Duke went straight back to the desk, and I followed him. He stuck the key in the lock of the bottom drawer.

It turned.

“Sometimes,” he said, looking into my eyes in a way that I think I had forbidden, “I am so good at this I surprise even myself.”

“Oh, open the drawer.”

Duke opened it and removed a notebook, a small brown notebook with a cord wrapped around it.

“That’s it,” I said. “That’s my grandfather’s case notebook.”

Duke opened the notebook and turned page after page.

“This is not a case notebook,” he said, meeting my eyes. “Every single page is about The Secret of the Old Clock. Look.”

He placed the notebook open on the desk. He pointed to a few entries, all standard fare.

August 30

I know my daughter. Ellery would not have left Rainy nothing but a book. Even her favorite book. There has to be something more.

September 2

New cipher failed. I won’t give up yet.

September 20

Curiouser and curiouser.

A suggestion from an unexpected source has me thinking along new lines.

Pops had written the final entry a week ago, just before he left.

September 30

I think I understand the message now. Of course it was right there all along.

But how could we have known? This changes everything we thought we knew about stories.

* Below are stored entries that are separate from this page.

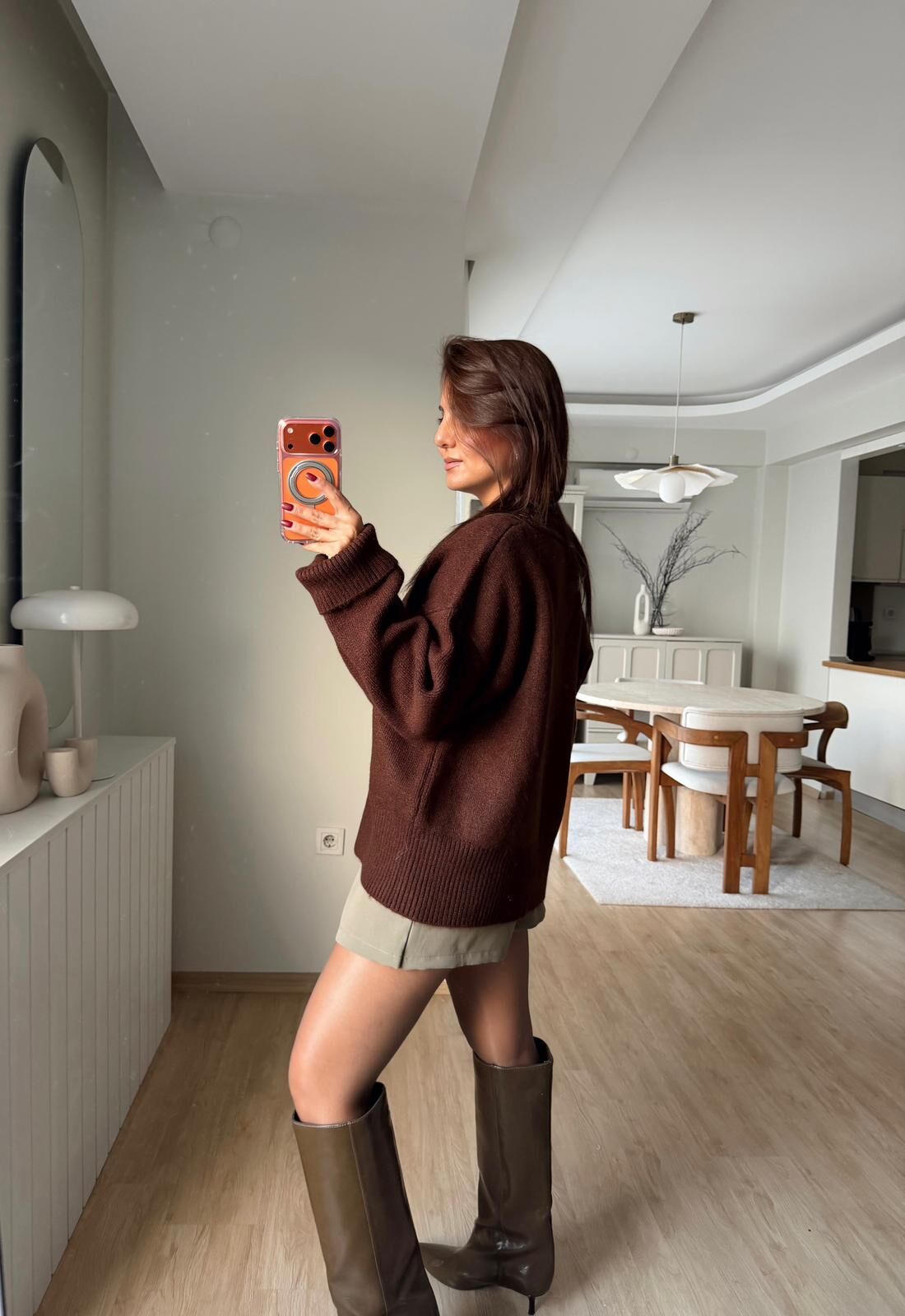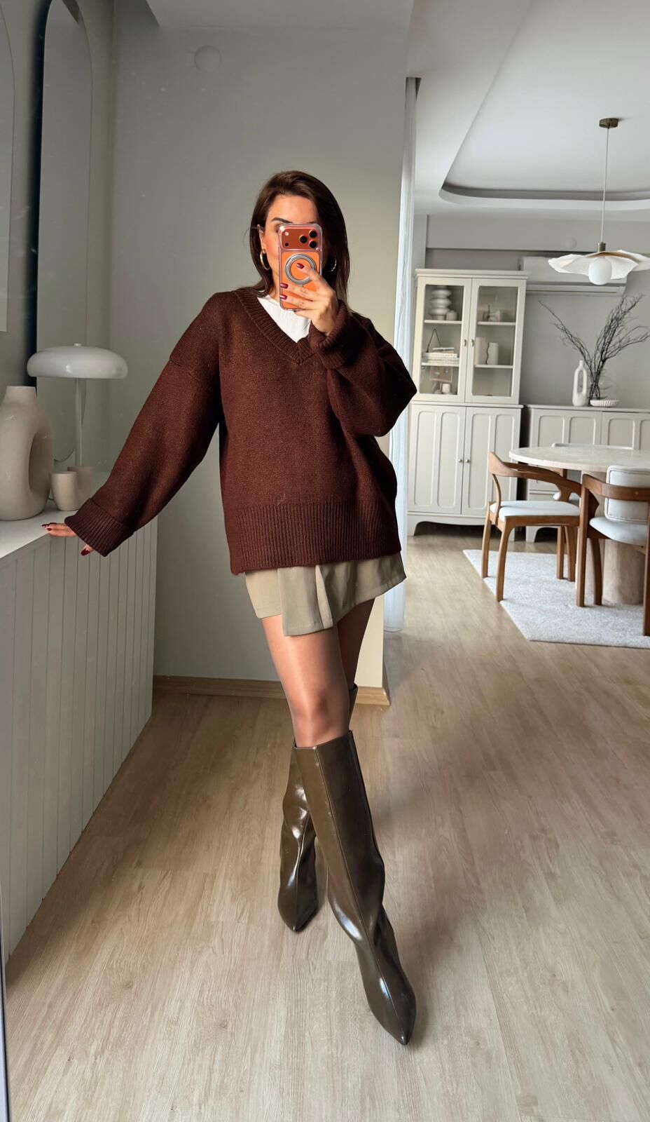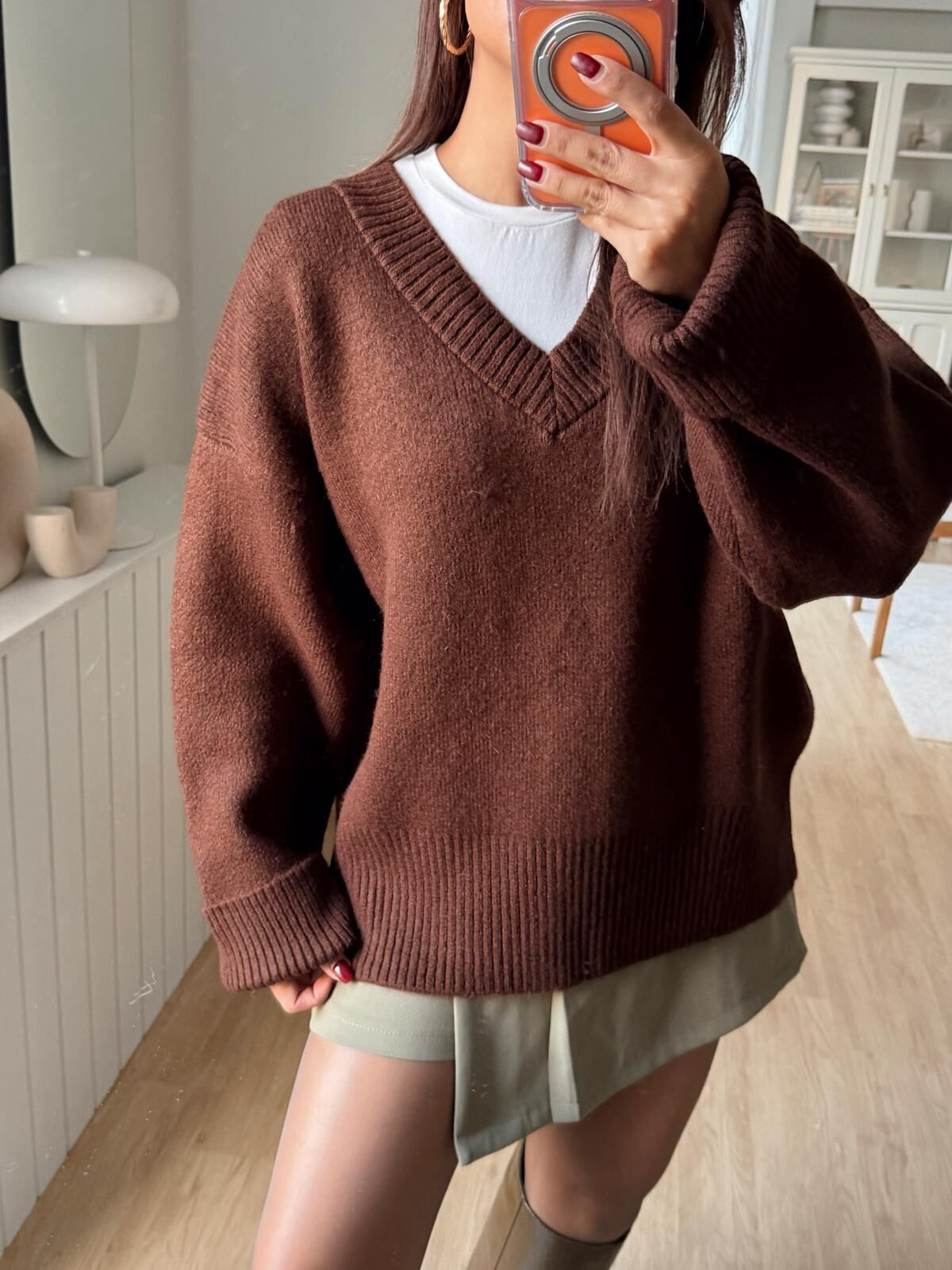 V Yaka Triko Kazak Kahve
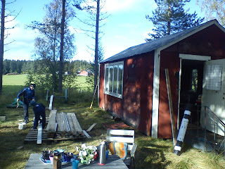 Vi har dragit på oss mera jobb, en "ny" stuga som vi börjat renovera. Eftersom allt måste fixas förutom golv och stomme så lär det ta sin lilla tid. Men vi har ingen brådska....
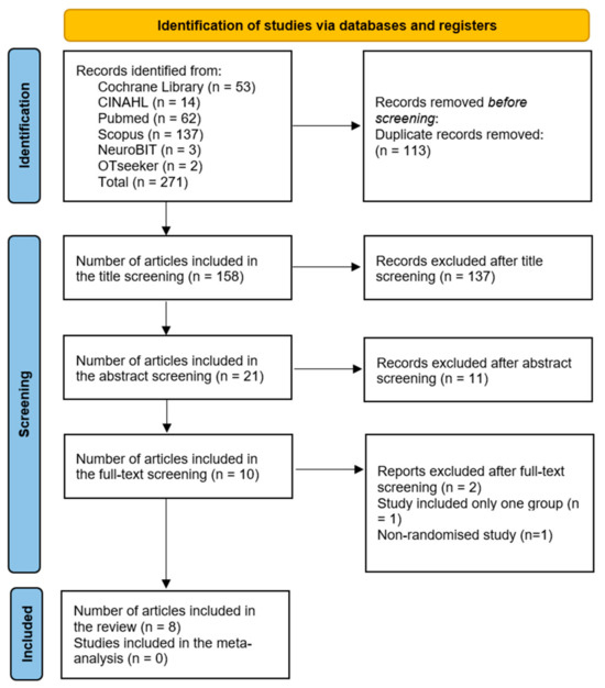 The flowchart based on the PRISMA guidelines (Figure 1) illustrates the results of the search process and study selection phases. Initially, 271 studies were identified from the six databases. Eight trials met the inclusion criteria and were included in the review after removing duplicates and screening the titles, abstracts, and full texts.
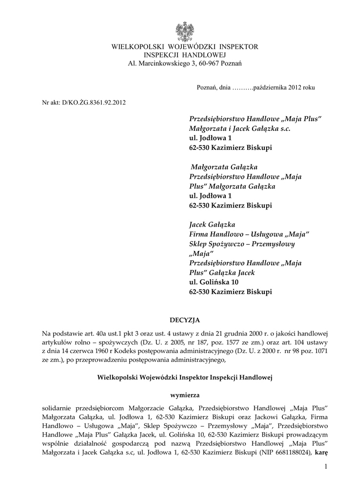 WIELKOPOLSKI WOJEWÓDZKI INSPEKTOR INSPEKCJI HANDLOWEJ Al. Marcinkowskiego 3, 60-967 Poznań Poznań, dnia ……….października 2012 roku Nr akt: D/KO.ŻG.8361.92.2012 Przedsiębiorstwo Handlowe „Maja Plus” Małgorzata i Jacek Gałązka s.c. ul. Jodłowa 1 62-530 Kazimierz Biskupi Małgorzata Gałązka Przedsiębiorstwo Handlowe „Maja Plus” Małgorzata Gałązka ul. Jodłowa 1 62-530 Kazimierz Biskupi Jacek Gałązka Firma Handlowo – Usługowa „Maja” Sklep Spożywczo – Przemysłowy „Maja” Przedsiębiorstwo Handlowe „Maja Plus” Gałązka Jacek ul. Golińska 10 62-530 Kazimierz Biskupi DECYZJA Na podstawie art. 40a ust.1 pkt 3 oraz ust. 4 ustawy z dnia 21 grudnia 2000 r. o jakości handlowej artykułów rolno – spożywczych (Dz. U. z 2005, nr 187, poz. 1577 ze zm.) oraz art. 104 ustawy z dnia 14 czerwca 1960 r Kodeks postępowania administracyjnego (Dz. U. z 2000 r. nr 98 poz. 1071 ze zm.), po przeprowadzeniu postępowania administracyjnego, Wielkopolski Wojewódzki Inspektor Inspekcji Handlowej wymierza solidarnie przedsiębiorcom Małgorzacie Gałązka, Przedsiębiorstwo Handlowej „Maja Plus” Małgorzata Gałązka, ul. Jodłowa 1, 62-530 Kazimierz Biskupi oraz Jackowi Gałązka, Firma Handlowo – Usługowa „Maja”, Sklep Spożywczo – Przemysłowy „Maja”, Przedsiębiorstwo Handlowe „Maja Plus” Gałązka Jacek, ul. Golińska 10, 62-530 Kazimierz Biskupi prowadzącym wspólnie działalność gospodarczą pod nazwą Przedsiębiorstwo Handlowej „Maja Plus” Małgorzata i Jacek Gałązka s.c, ul. Jodłowa 1, 62-530 Kazimierz Biskupi (NIP 6681188024), karę 1 pieniężną w wysokości 700 zł (słownie siedemset złotych) z tytułu wprowadzenia do obrotu, w dniu kontroli 18 czerwca 2012 r., w sklepie spożywczo-przemysłowym Carrefour Expres Kazimierz Biskupi, 62-530 Kazimierz Biskupi, ul. Golińska 1A, 8 partii artykułów rolno – spożywczych sprzedawanych bez opakowań jednostkowych o niewłaściwej jakości handlowej, o łącznej wartości 246,29 zł, tj.: a) chleb – brak oznaczeń, wg. informacji sprzedawcy chleb mieszany zwykły 0,6 kg (wg. dowodu dostawy chleb 0,6kg), w ilości 6 szt., w cenie 2,29 zł, wartości 13,74 zł, dowód dostawy nr 2157/6/2012 z dnia 18.06.2012 od P.P.H.U. Feniks Mariusz Buśkiewicz, Piekarnia Kazimierz Biskupi, ul. Królowej Marysieńki 46, 62-502 Konin, b) bułka – na wywieszce bułka duża, wg. informacji sprzedawcy bułka pszenna 0,1 kg (wg. dowodu dostawy bułka 0,1), w ilości 13 szt., w cenie 0,65 zł, wartości 8,45 zł, dowód dostawy nr 2157/6/2012 z dnia 18.06.2012 od P.P.H.U. Feniks Mariusz Buśkiewicz, Piekarnia Kazimierz Biskupi, ul. Królowej Marysieńki 46, 62-502 Konin, c) chleb Omlet – na wywieszce chleb Żydowski Omlet, wg. informacji sprzedawcy chleb mieszany Omlet 0,4 kg (wg. dowodu chleb Omlet), w ilości 2 szt., w cenie 1,79 zł, wartości 3,58 zł, dowód dostawy nr 2157/6/2012 z dnia 18.06.2012 od P.P.H.U. Feniks Mariusz Buśkiewicz, Piekarnia Kazimierz Biskupi, ul. Królowej Marysieńki 46, 62-502 Konin, d) chleb Żydowski – na wywieszce chleb Żydowski Omlet, wg. informacji sprzedawcy chleb mieszany Żydowski 0,3kg (wg. dowodu chleb Żydowski), w ilości 2 szt., w cenie 1,79 zł, wartości 3,58 zł, dowód dostawy nr 2157/6/2012 z dnia 18.06.2012 od P.P.H.U. Feniks Mariusz Buśkiewicz, Piekarnia Kazimierz Biskupi, ul. Królowej Marysieńki 46, 62-502 Konin ze względu na brak nazwy pieczywa (rodzaju), danych producenta oraz masy jednostkowej pieczywa, co jest naruszeniem § 31 rozporządzenia Ministra Rolnictwa i Rozwoju Wsi z dnia 10 lipca 2007 roku w sprawie znakowania środków spożywczych (Dz. U. nr 137, poz. 966 ze zm.), e) nototenia tusza w ilości 10 kg, w cenie 10,49 zł/kg, wartości 104,90 zł, dowód dostawy: przyjęcie zewnętrzne nr PZ/0A79/2012/0537 z dnia 16.04.2012 r. od F.H.U. Danjan Wioletta Sobecka, ul. Kiszkowska 2, 62-200 Gniezno (na etykiecie opakowania zbiorczego, będącego w posiadaniu sprzedawcy, podano m.in. informacje: nototenia tusza IQF produkt głęboko mrożony, Nototenia Patagonotothem Ramsayi, glazura 0%, poławiane w morzu, obszar połowu FAO 41, najlepiej spożyć przed końcem 2013/03, warunki przechowywania, importer ARTRYB sp. z o.o., ul. Kazimierska 28A, 84-240 Reda) ze względu na: brak informacji dotyczącej metody produkcji, obszaru połowu, co jest naruszeniem art. 4 ust. 1 pkt. b) i c) rozporządzenia Rady (WE) nr 104/2000 z dnia 17 grudnia 1999 r. w sprawie wspólnej organizacji rynków produktów rybołówstwa a akwakultury (Dz. Urz. L 17 z 21.01.2000, s. 22 ze zm) w zw. z art. 5 rozporządzenia Komisji (WE) nr 2065/2007 z dnia 22 października 2001 r. ustanawiającego szczegółowe zasady stosowania rozporządzenia Rady (WE) nr 104/2000 w zakresie informowania konsumentów o produktach rybołówstwa i akwakultury (Dz. Urz. L 278 z 23.10.2001, s. 6 ze zm) oraz art. 58 ust. 6 rozporządzenia Rady (WE) nr 1224/2009 z dnia 20 listopada 2009 r. ustanawiającego wspólnotowy system kontroli w celu zapewnienia przestrzegania przepisów wspólnej polityki rybołówstwa zmieniającego rozporządzenie (WE) nr 847/96, (WE) nr 2371/2002, (WE) 811/2004, (WE) nr 768/2005, (WE) nr 2115/2005, (WE) nr 2166/2005. (WE)1300/2008, (WE) nr 1342/2008 i uchylającego rozporządzenia (EWG) nr 2847/93, (WE) nr 1627/94, (WE) nr 1966/2006 (Dz. Urz. L 343 z 22.12.2009 r., s. 1) f) smaczek konserwowy Duda w ilości 4,5 kg, w cenie 10,79 zł/kg, wartości 48,56 zł, dowód dostawy: faktura VAT nr 057735/2012 z dnia 11.06.2012 r. od Ultrafood – Indro, 62-300 Września, ul. Sikorskiego 34, Filia w Koninie, 62-510 Konin, ul. Spółdzielców 9B (na osłonce, która nie była widoczna dla konsumenta, podane były m.in. informacje: smaczek konserwowy, produkt blokowy, drobno rozdrobniony, parzony, skład: mięso 2 wieprzowe 45%, woda, żelatyna wieprzowa, sól, skrobia ziemniaczana, białko sojowe, substancja zagęszczająca E407 E425, glukoza, maltodekstryna, s
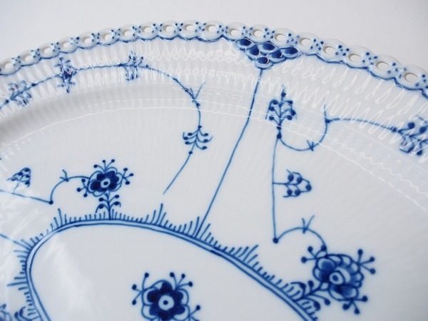 唐草模様と緻密なレース技術が格調を感じさせてくれるブルーフルーテッドは世界中で愛されています。このシリーズには3種類(プレイン・ハーフレース・フルレース)ありますが、今回ご紹介したのは最も高級ラインであるフルレースです。
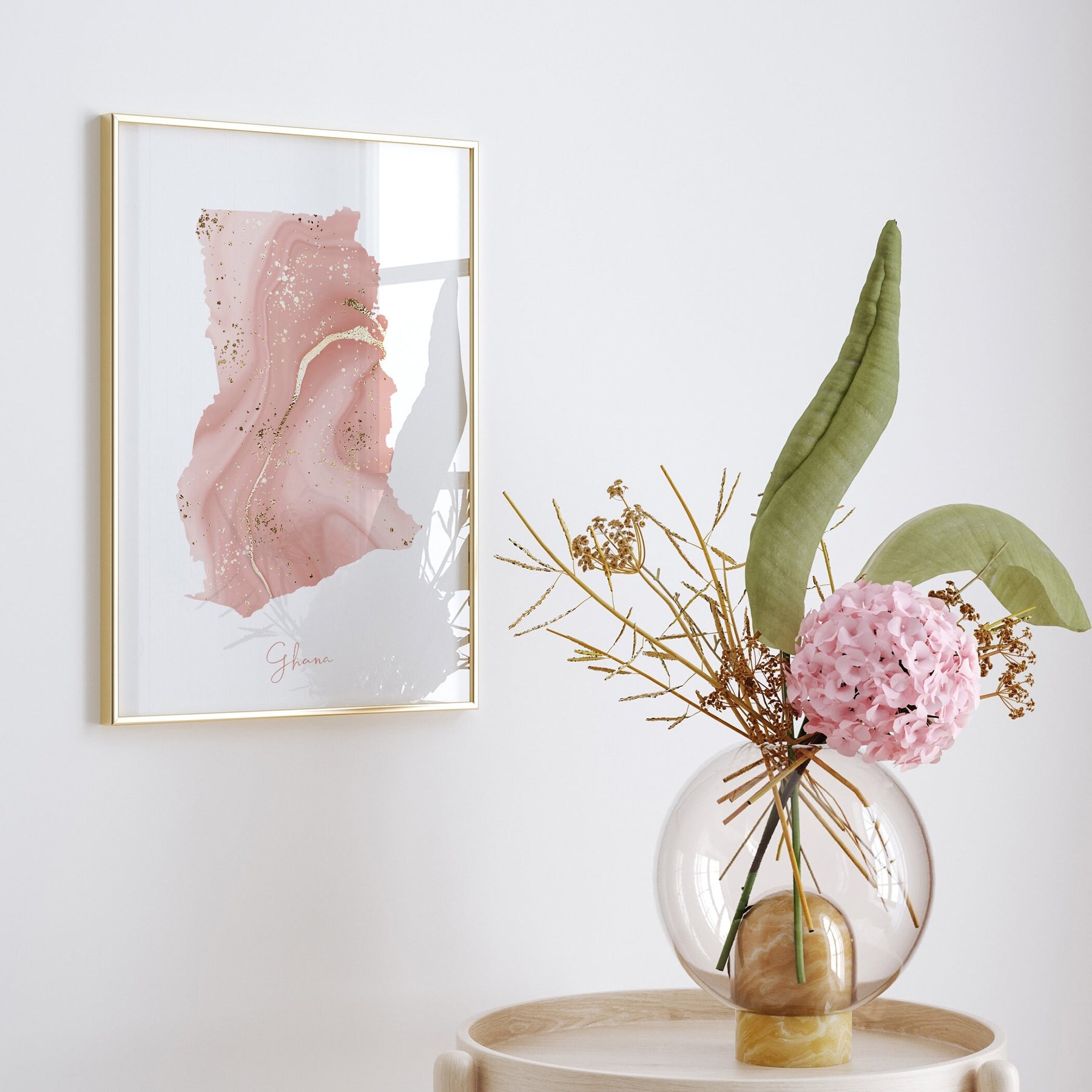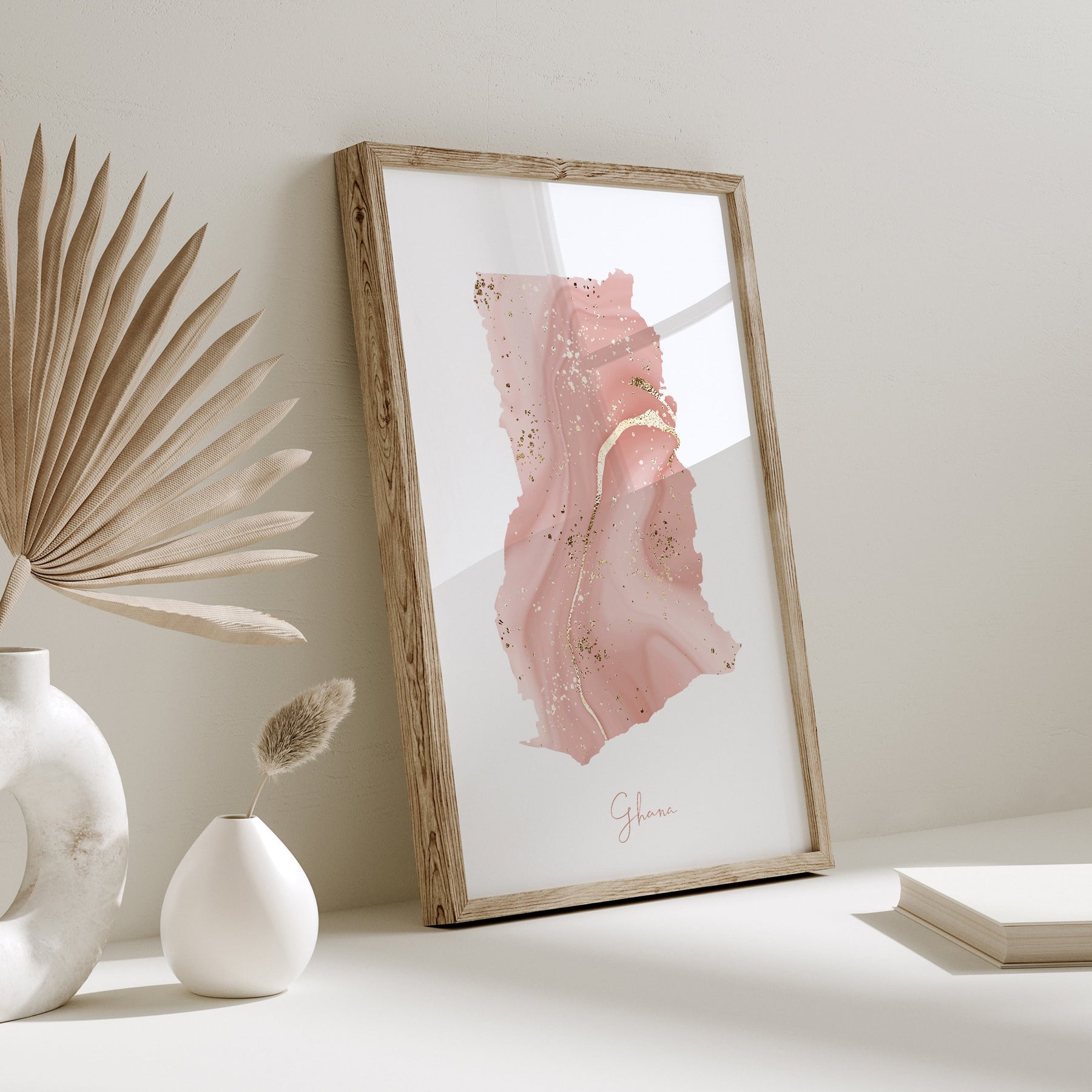 Unframed Pink & Gold Ghana Map Wall Art Print (Please note the colours may vary slightly from those displayed on your screen)

And my Ellery did leave Rainy an inheritance of sorts, a richer one than I ever dared to dream.

And poor Rainy and Duke, they’ll be star-crossed no more.

But if I’m right, my God, if I’m right, then…

Well, of course Ellery would’ve had to keep it all a secret.

This is explosive information. People in charge will want to cover it up.

I think…I think perhaps they already have?

I must tell Rainy. Except how can I? No, I have to confirm the truth first, otherwise she’ll be devastated.

Yet if I’m right…she’ll finally know the truth about her mother.

I can’t believe it was staring us in the face the whole time.

For a few minutes I read and reread that final entry, tattooing every word onto my mind.

And my Ellery did leave Rainy an inheritance of sorts, a richer one than I ever dared to dream.

This changes everything…

“Rainy?” Duke said softly. “Are you all right, darling?”

“It wasn’t just a book,” I whispered. “She left me more than a book. An inheritance? That would make sense. The whole novel is about finding a lost will. Is that it? Could that be the thing that changes everything?”

My knees shook and I had to sit down. Gently, Duke put me into my grandfather’s chair and knelt beside it.

“Breathe, Rainy. You’re turning even paler than usual.”

I met his eyes. “All this time, I thought I knew the message of the book. Don’t grieve me. Get on with your life and your adventures like Nancy Drew did. But that’s not it. There is more.”

Duke nodded. “It seems there is much, much more. But I wouldn’t start celebrating yet.”

“Why not?”

He tapped my grandfather’s notebook. “Your grandfather hid this and put an enchantment on the lock. I think he learned something so dangerous he was afraid to even write about it in his notebook. Which means either he is on a top secret mission investigating what he discovered…or someone learned he discovered this information and—”

“Don’t say it. Please don’t say it.”

“I’m sorry, Rainy, but we have to accept the possibility he’s been taken somewhere against his will.”

My grandfather’s old desk chair creaked as I sat back, my hand over my mouth in shock.

I shook my head. “No, he left me a note—”

“That he may have been forced to write,” Duke said. “Which is why he had to write in code, to tell you where to find the key.”

“He’s been gone a week. What if he’s—”

“Don’t say it,” Duke said. “We’ll find him.”

I threw my arms around his shoulders and he pulled me close.

“What about the ground rules, darling?” he asked.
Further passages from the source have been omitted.